● **Work instructions**:
This exercise asks for every line of the material that contains the word "with".

● **Material to process**:
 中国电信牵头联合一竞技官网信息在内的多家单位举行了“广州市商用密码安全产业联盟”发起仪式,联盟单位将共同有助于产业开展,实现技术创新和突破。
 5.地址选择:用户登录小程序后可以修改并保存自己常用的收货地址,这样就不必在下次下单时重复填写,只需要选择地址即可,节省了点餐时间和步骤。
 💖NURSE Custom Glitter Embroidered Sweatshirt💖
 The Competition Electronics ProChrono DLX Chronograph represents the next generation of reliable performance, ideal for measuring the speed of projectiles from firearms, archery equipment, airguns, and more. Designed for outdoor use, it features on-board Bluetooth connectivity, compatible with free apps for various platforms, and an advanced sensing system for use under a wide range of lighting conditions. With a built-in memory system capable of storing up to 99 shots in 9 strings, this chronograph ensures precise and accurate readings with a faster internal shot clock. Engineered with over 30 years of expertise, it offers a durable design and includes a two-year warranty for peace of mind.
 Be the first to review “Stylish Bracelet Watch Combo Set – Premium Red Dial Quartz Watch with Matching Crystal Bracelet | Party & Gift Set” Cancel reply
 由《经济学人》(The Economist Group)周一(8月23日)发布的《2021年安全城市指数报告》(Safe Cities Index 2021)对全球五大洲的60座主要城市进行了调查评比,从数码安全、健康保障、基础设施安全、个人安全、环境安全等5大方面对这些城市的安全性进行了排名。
...
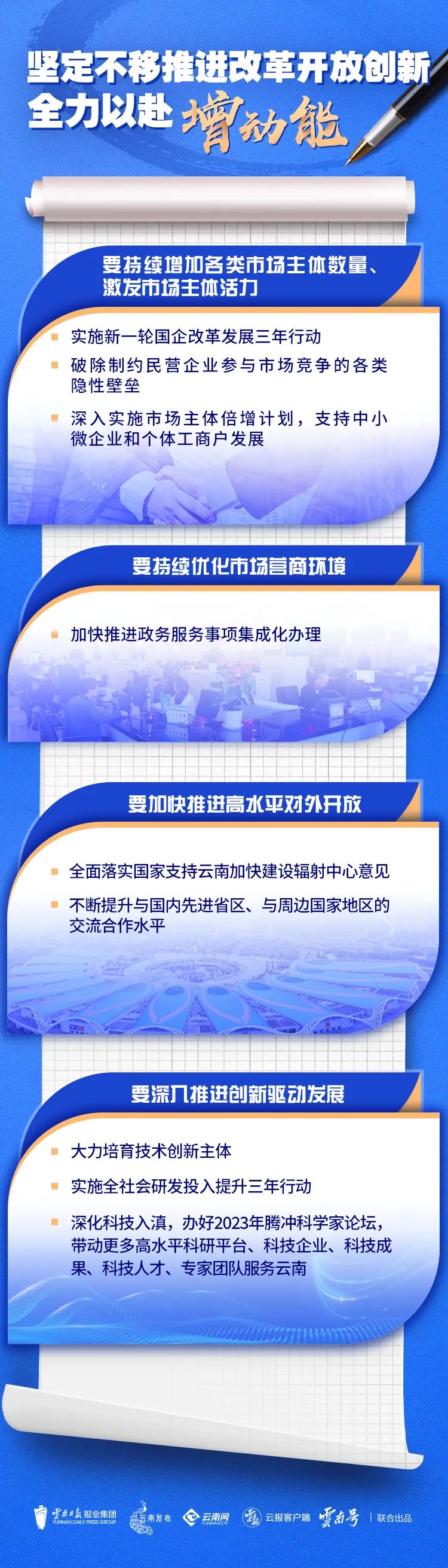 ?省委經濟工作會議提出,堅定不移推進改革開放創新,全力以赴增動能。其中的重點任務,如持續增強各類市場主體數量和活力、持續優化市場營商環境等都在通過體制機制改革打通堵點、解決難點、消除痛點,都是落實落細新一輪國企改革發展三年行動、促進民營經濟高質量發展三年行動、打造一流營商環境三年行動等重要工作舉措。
...
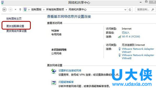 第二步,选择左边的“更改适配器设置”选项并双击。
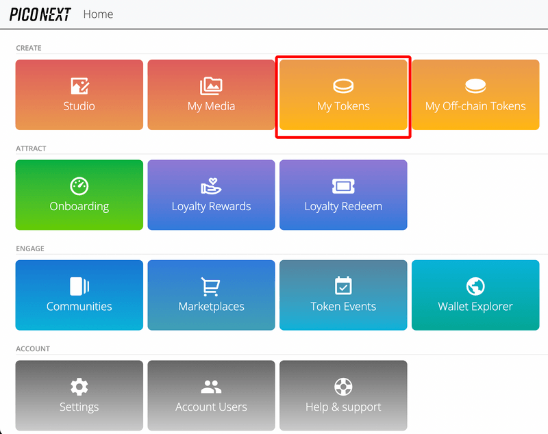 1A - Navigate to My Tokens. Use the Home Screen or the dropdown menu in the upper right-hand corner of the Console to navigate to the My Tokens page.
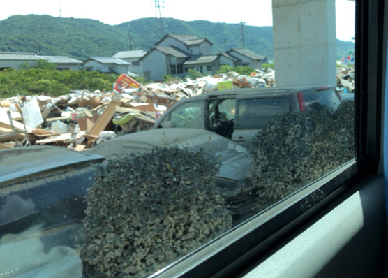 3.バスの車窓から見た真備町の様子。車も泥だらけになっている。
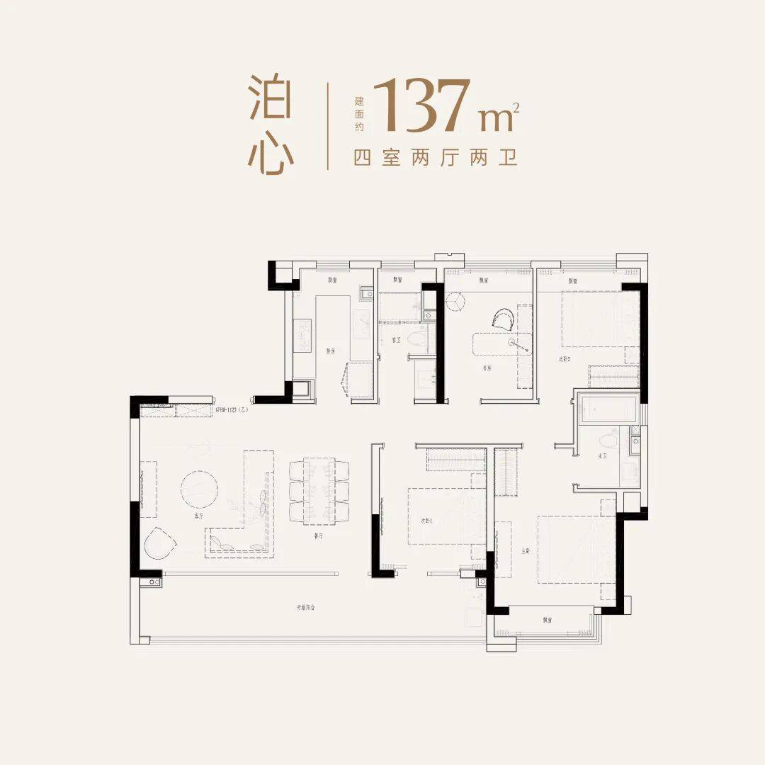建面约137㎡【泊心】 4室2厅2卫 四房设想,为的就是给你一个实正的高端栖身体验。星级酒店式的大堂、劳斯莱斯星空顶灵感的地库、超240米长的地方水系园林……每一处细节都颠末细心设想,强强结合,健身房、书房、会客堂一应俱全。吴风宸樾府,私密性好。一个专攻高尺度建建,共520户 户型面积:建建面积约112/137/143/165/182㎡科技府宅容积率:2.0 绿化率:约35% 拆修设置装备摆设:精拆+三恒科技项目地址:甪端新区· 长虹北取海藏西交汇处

● **Task solution**:
 The Competition Electronics ProChrono DLX Chronograph represents the next generation of reliable performance, ideal for measuring the speed of projectiles from firearms, archery equipment, airguns, and more. Designed for outdoor use, it features on-board Bluetooth connectivity, compatible with free apps for various platforms, and an advanced sensing system for use under a wide range of lighting conditions. With a built-in memory system capable of storing up to 99 shots in 9 strings, this chronograph ensures precise and accurate readings with a faster internal shot clock. Engineered with over 30 years of expertise, it offers a durable design and includes a two-year warranty for peace of mind.
 Be the first to review “Stylish Bracelet Watch Combo Set – Premium Red Dial Quartz Watch with Matching Crystal Bracelet | Party & Gift Set” Cancel reply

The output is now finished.